To add, one of the unknowns with CCS is how long after the cessation of injection will you be required to monitor the storage area.
We’re hearing in California that perhaps it could be as much as 1,000 years. In the view we’re taking, it’s going to be at least several decades.
So far, we have optical fibers that have been placed in the Caspian Sea since around 2002—or 20 years of proven reliability on optical fiber systems.
OK, switching gears to upstream, particularly the unconventional sector. How do you sum up the difference fiber has made in our understanding of tight reservoirs, and can you touch on the use of temporary cable deployments?
Fiber optics have had a major impact on tight-reservoir understanding. It is a method you could use to look at treatment of the wells, but when required, our Carina sensing system can also do far-field, real-time fracture monitoring as well as seismic imaging. We can actually start to see very clear seismic measurements at extended ranges and can accurately map the fracture heights.
Fiber optics give us a better understanding of where the production is coming from, looks at the components of the well, and helps us see how the fracture networks work together. It is truly exciting.
During fracture operations, there is also a lot of work done with geophones. These are usually installed on the surface as intervention operations with geophones requiring much more time than fiber. But overall, they are limited in what measurements they can produce.
Fiber optics can be installed permanently to monitor the treatment and see where the treatment is going. They can also see how microseismic events are directly related to fracture development.

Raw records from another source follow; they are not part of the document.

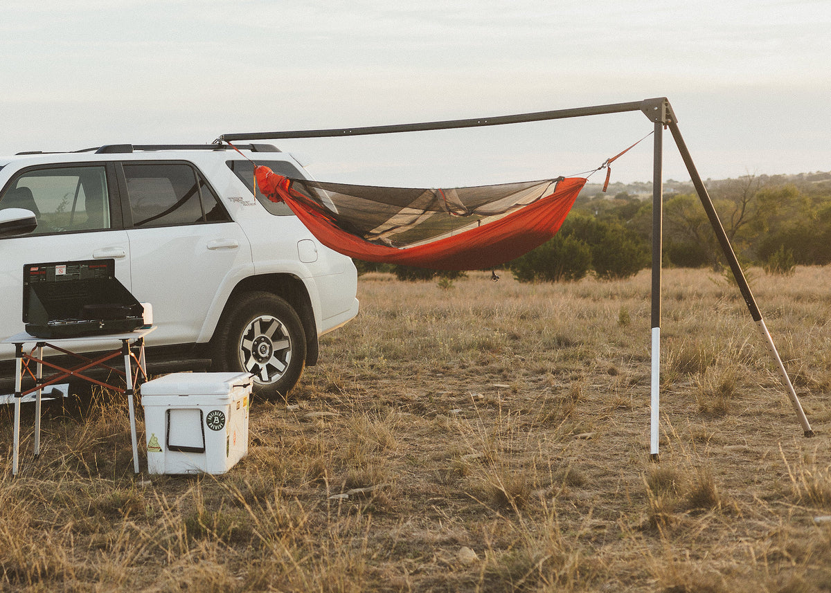 Vehiclesupported hammock stand pitches base camp in seconds . Compact for travel and over 12 ft long for full-length hammock camping, the Outpost sets up in seconds to camp in any terrain. 15210 Fitzhugh Road #600 Austin, TX 78736-6321 Products
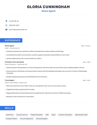 Build a professional home agent resume in minutes. Our AI resume writing assistant will guide you through every step of the process, and you can choose from 10+ resume templates to create your home agent resume.7. Customer Care
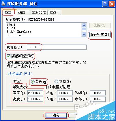 5、單擊“服務(wù)器屬性”彈出對(duì)話框如圖。格式→創(chuàng)建新格式(在“創(chuàng)建新格式”前勾選上)→表格名里輸入PLIST(根據(jù)自己的需要輸入)→選“公制”→把“紙張大小”輸入進(jìn)去22.00;18.00,(這個(gè)數(shù)是之前量好的)→保存格式→確定。這就保存好了我們需要的大小格式了。一會(huì)兒,在第7步就要用到創(chuàng)建好的格式。
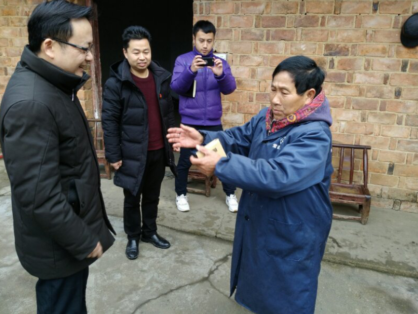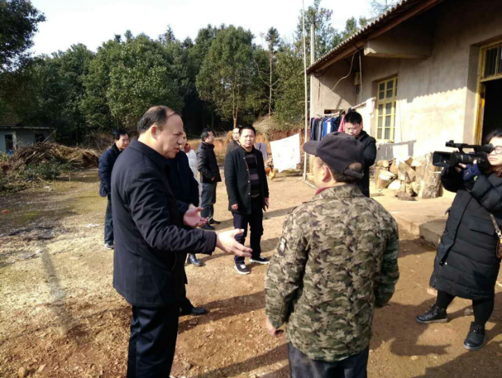 鼎城区人大主任杨君(左一)慰问尧天坪镇计生特困对象娄大文

At the same time, you can measure changes in the frac program and make decisions on the fly. You have full data sets—no other tech provides this amount of information.
And clearly Silixa was quite a big disruptor in 2018 when we determined that we could actually make high-quality measurements of strain and microseismic activity in a crosswell setting by intervening with a logging cable rather than having the expense of a permanent cable.
To pick up on that last bit, what’s been your impression on the emerging use of fiber for crosswell strain measurements?
Introducing our fiber-optic sensing-based strain measurements meant a big leap forward. Putting fiber-optic cables in an offset well either permanently or temporarily means that operators can get very precise and reliable information on what is going on in the well during treatment, hence the treatment can be optimized. Also, based on these measurements operators can optimize well spacing.
These measurements cannot be taken with any other instrument, not even with geophones. Also, with fiber optics you can measure the magnitude of events, so the answers you get at the wellsite in real time are very precise and ensure significant cost savings.
Finally, where does fiber technology go from here?
There is still work that needs to be done on quantitative flow measurements and it requires the development of new installation methods so that we can understand the transfer function of free flow in a pipe and what we are measuring with the fiber. But I think people now want engineered metric units that could be directly related to production.
There is also a lot of interest in the low-frequency measurements where we have demonstrated we can create very fine spatial strain measurements. We can use these to monitor production from individual clusters or perhaps even fractures when we look at implied pressure transition effects in a distributed format.
That requires careful planning, good execution during cable installations, a well-designed test, and careful data analysis. Obviously, fiber optics can still provide more information. It’s not just about collecting data but translating it into real applications and quantifying the magnitude of changes—if it is flow, strain, rock displacement, etc.